= Beginning of Section =
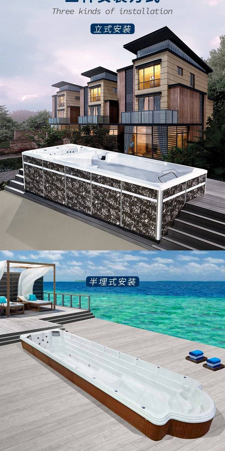 温泉度假泡池室内恒温冲浪 户外按摩浴缸 成品一体化游泳池厂家
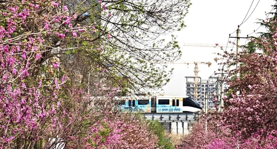 4月3日,在西安市瞪羚一路,连绵的樱花与紫荆绚烂绽放,高新云巴列车在空中驶过,现代交通与自然生态之美和谐同框,俨然一幅美丽的春日城市画卷。(西安报业全媒体记者 窦翊明 摄)
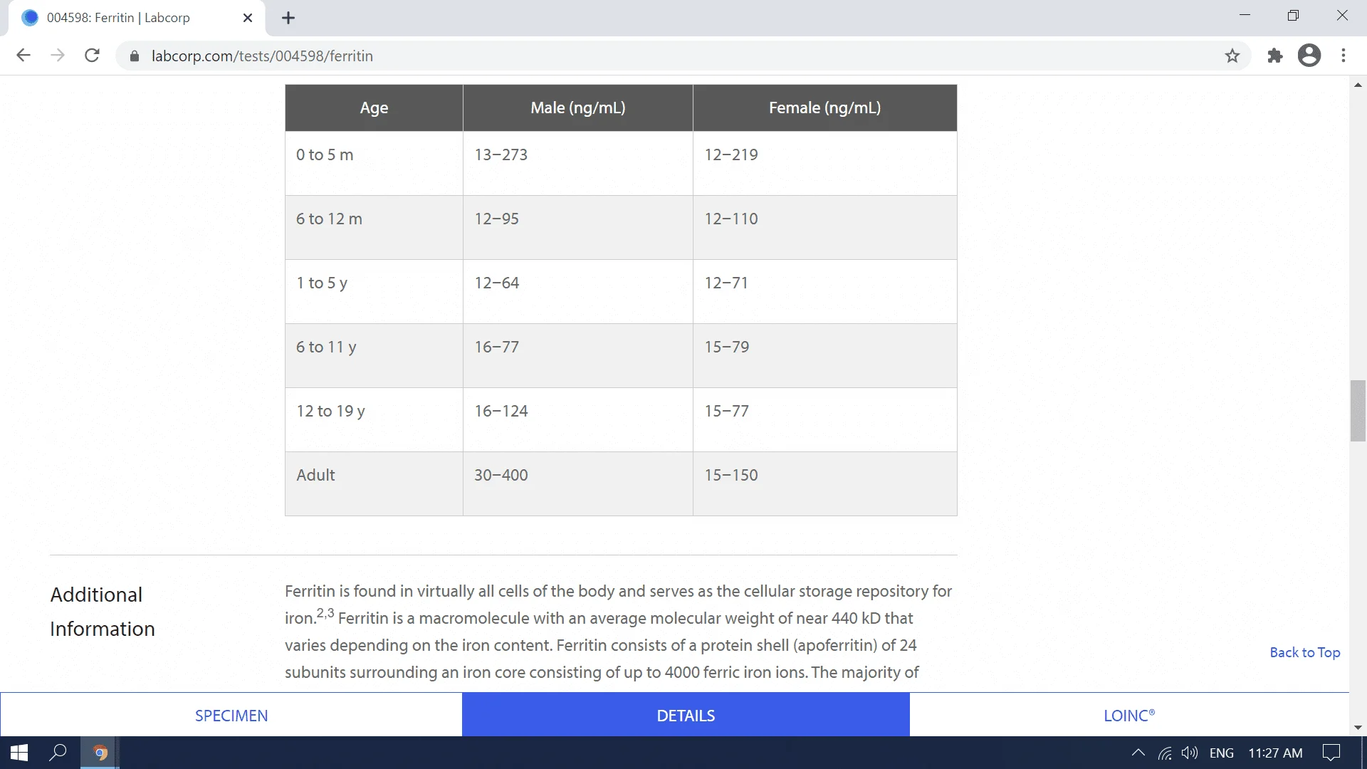 Adult reference range 30-400 ng/mL
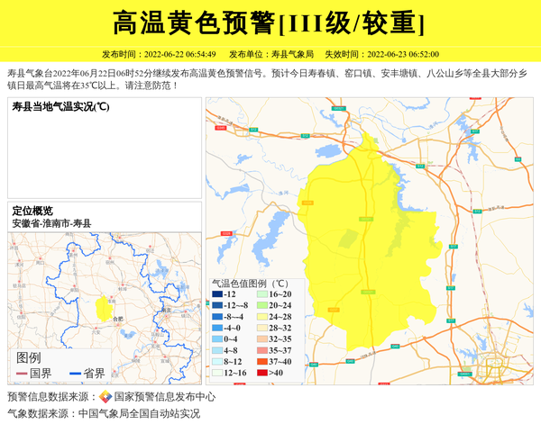 寿县气象台2022年06月22日06时52分继续发布高温黄色预警信号。预计今日寿春镇、窑口镇、安丰塘镇、八公山乡等全县大部分乡镇日最高气温将在35℃以上。请注意防范! 信息来源:国家预警信息发布中心; 发布单位:寿县气象局。
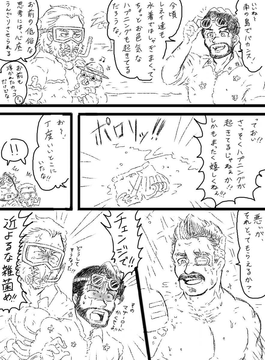 イベントでヒューズおいたんが水着一丁じゃなかったので再掲
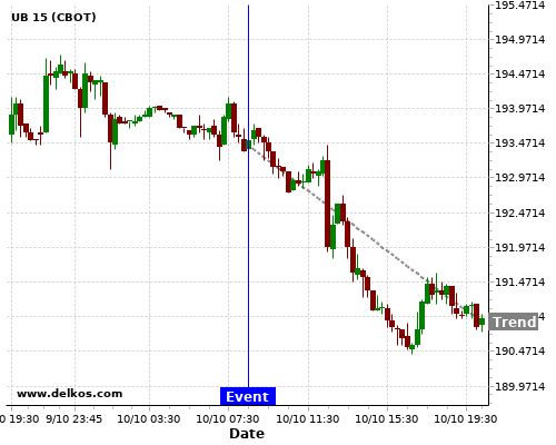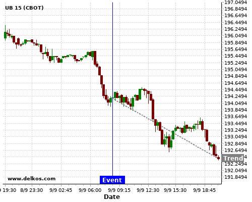 This probability is based on the last 12 GB Balance of Trade events, in which 5 of the last 8 events where the actual number was greater than than the economist consensus resulted in an down trend of UB.
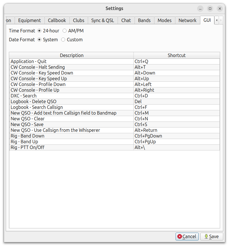 The recording of the shortcut is initiated when the Shortcut column receives focus and ends one second after the user releases the last key. QLog checks if the new shortcut is not in conflict with an already used shortcut or fixed shortcuts. If a conflict is detected, the new shortcut is not applied.
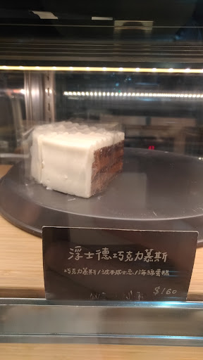 浮士德巧克力慕斯(160元) 半徑10公分(包含厚度0.5公分的鮮奶油抹面),看起來像10切或12切的角度。高度約6.5公分(包含4.5公分的巧克力蛋糕(及慕斯)+0.5公分鮮奶油抹面+1.5公分的巧克力碎片)
= End of Section =
- _Work task_: Retype each line of the listing above word for word. Exclude the pictures.

- _Task solution_:
 温泉度假泡池室内恒温冲浪 户外按摩浴缸 成品一体化游泳池厂家
 4月3日,在西安市瞪羚一路,连绵的樱花与紫荆绚烂绽放,高新云巴列车在空中驶过,现代交通与自然生态之美和谐同框,俨然一幅美丽的春日城市画卷。(西安报业全媒体记者 窦翊明 摄)
 Adult reference range 30-400 ng/mL
 寿县气象台2022年06月22日06时52分继续发布高温黄色预警信号。预计今日寿春镇、窑口镇、安丰塘镇、八公山乡等全县大部分乡镇日最高气温将在35℃以上。请注意防范! 信息来源:国家预警信息发布中心; 发布单位:寿县气象局。
 イベントでヒューズおいたんが水着一丁じゃなかったので再掲
 This probability is based on the last 12 GB Balance of Trade events, in which 5 of the last 8 events where the actual number was greater than than the economist consensus resulted in an down trend of UB.
 The recording of the shortcut is initiated when the Shortcut column receives focus and ends one second after the user releases the last key. QLog checks if the new shortcut is not in conflict with an already used shortcut or fixed shortcuts. If a conflict is detected, the new shortcut is not applied.
 浮士德巧克力慕斯(160元) 半徑10公分(包含厚度0.5公分的鮮奶油抹面),看起來像10切或12切的角度。高度約6.5公分(包含4.5公分的巧克力蛋糕(及慕斯)+0.5公分鮮奶油抹面+1.5公分的巧克力碎片)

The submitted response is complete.